** Opening Stored data block **

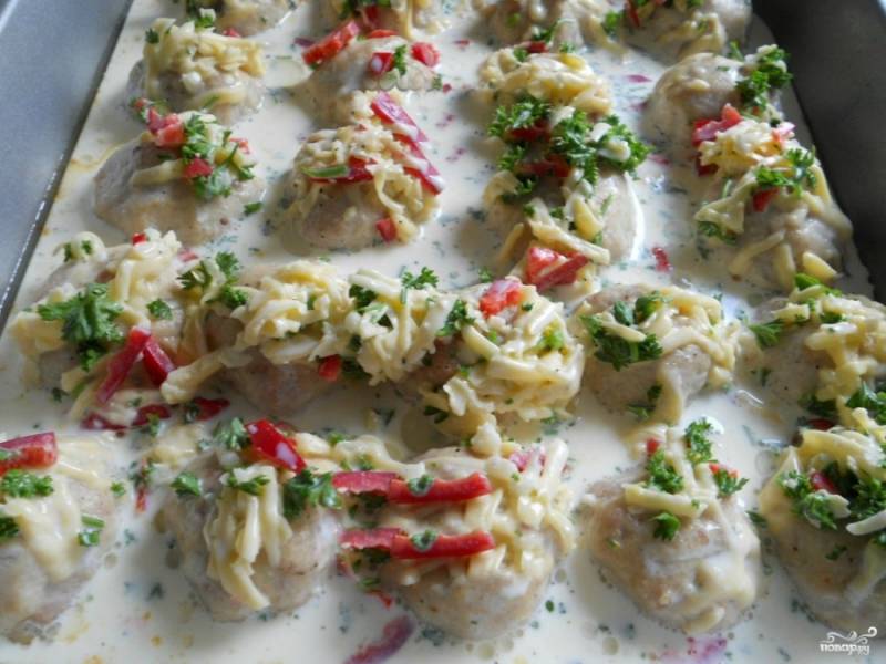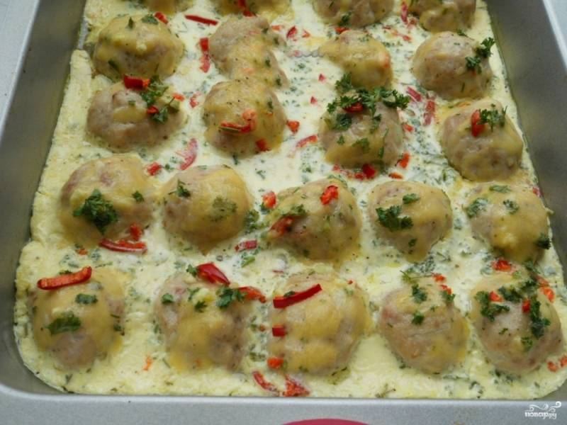 Тефтели вынимаем из духовки и заливаем готовым соусом. Затем отправляем форму обратно отправляем в духовку, готовим еще в течение 20 минут.
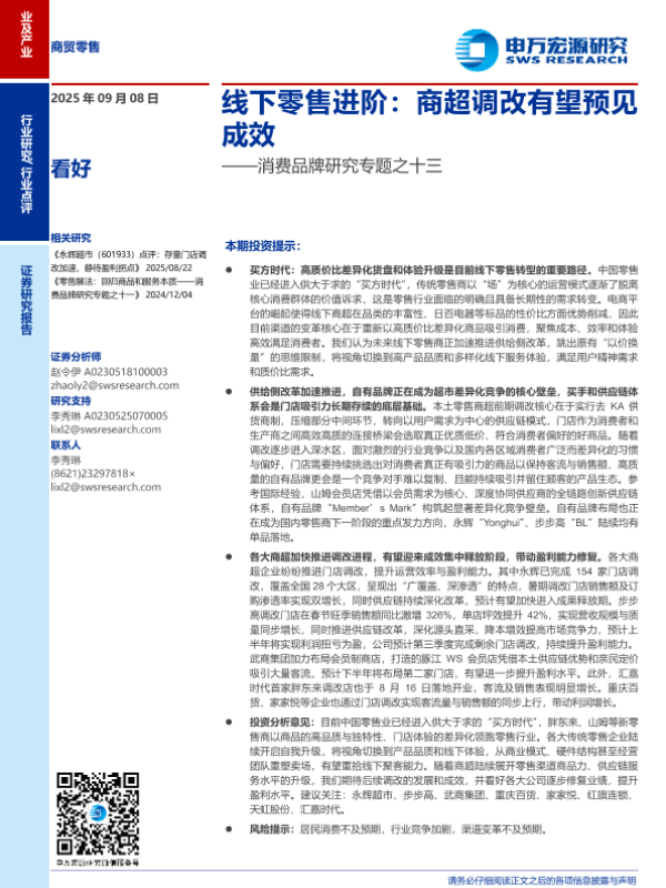 【申万宏源】【202509】线下零售进阶:商超调改有望预见成效-12页 证券期货研究报告
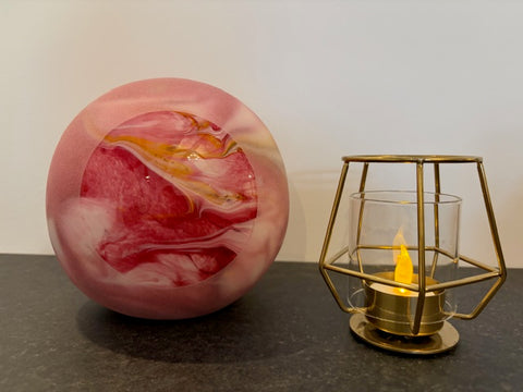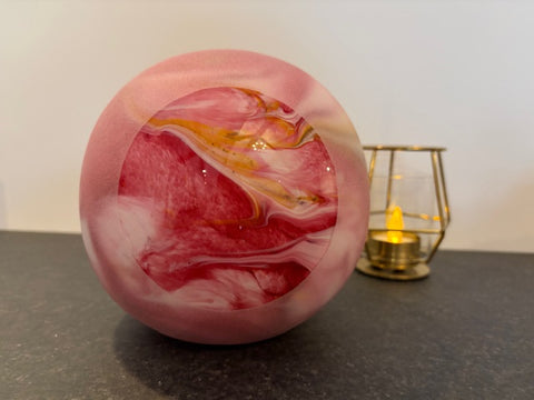 De Elan-line is geïnspireerd op de 4 elementen uit de natuur: aarde, water, lucht en vuur. De 4 elementen vertalen de hartstocht “het vuur” van de krachten in de natuur. De Elan-line vertegenwoordigd een collectie as-gedenkornamenten met voornamelijk ronde vormen en zijn verkrijgbaar in diverse kleurcombinaties. De Elan-line is een unieke collectie urnen die met bezieling is vervaardigd. Uniek in onze collectie is deze 4 liter urn. De bolvormige urn heeft een basiskleur van parelmoer-rood met een patroon van wit en blauw-groen-paars tinten, afgewerkt met een fijn reliëf. Aan de binnenzijde van de urn bevindt zich een as-reservoir waar al het crematie-as in bewaard kan worden. Deze urn wordt afgesloten d.m.v. een zelf-hechtende sluitplaat. De urn is niet transparant dus het crematie-as is niet zichtbaar. De Elan-line 4 liter urn is ook verkrijgbaar in de kleuren; blauw, ivoor, nova, terra en flower field. Deze prachtige urn is meer dan een as-gedenkornament. Het is een waar kunstwerk ter herinnering aan uw dierbare. Tevens is de Elan-line ook zeer geschikt als grafornament. Alle 4 liter urnen zijn van glas en met de hand vervaardigd. Dit maakt elk ornament uniek.

** Closing Stored data block **

### Work task
For this exercise, retype the data above exactly and skip every image.

### Task result
 Тефтели вынимаем из духовки и заливаем готовым соусом. Затем отправляем форму обратно отправляем в духовку, готовим еще в течение 20 минут.
 【申万宏源】【202509】线下零售进阶:商超调改有望预见成效-12页 证券期货研究报告
 De Elan-line is geïnspireerd op de 4 elementen uit de natuur: aarde, water, lucht en vuur. De 4 elementen vertalen de hartstocht “het vuur” van de krachten in de natuur. De Elan-line vertegenwoordigd een collectie as-gedenkornamenten met voornamelijk ronde vormen en zijn verkrijgbaar in diverse kleurcombinaties. De Elan-line is een unieke collectie urnen die met bezieling is vervaardigd. Uniek in onze collectie is deze 4 liter urn. De bolvormige urn heeft een basiskleur van parelmoer-rood met een patroon van wit en blauw-groen-paars tinten, afgewerkt met een fijn reliëf. Aan de binnenzijde van de urn bevindt zich een as-reservoir waar al het crematie-as in bewaard kan worden. Deze urn wordt afgesloten d.m.v. een zelf-hechtende sluitplaat. De urn is niet transparant dus het crematie-as is niet zichtbaar. De Elan-line 4 liter urn is ook verkrijgbaar in de kleuren; blauw, ivoor, nova, terra en flower field. Deze prachtige urn is meer dan een as-gedenkornament. Het is een waar kunstwerk ter herinnering aan uw dierbare. Tevens is de Elan-line ook zeer geschikt als grafornament. Alle 4 liter urnen zijn van glas en met de hand vervaardigd. Dit maakt elk ornament uniek.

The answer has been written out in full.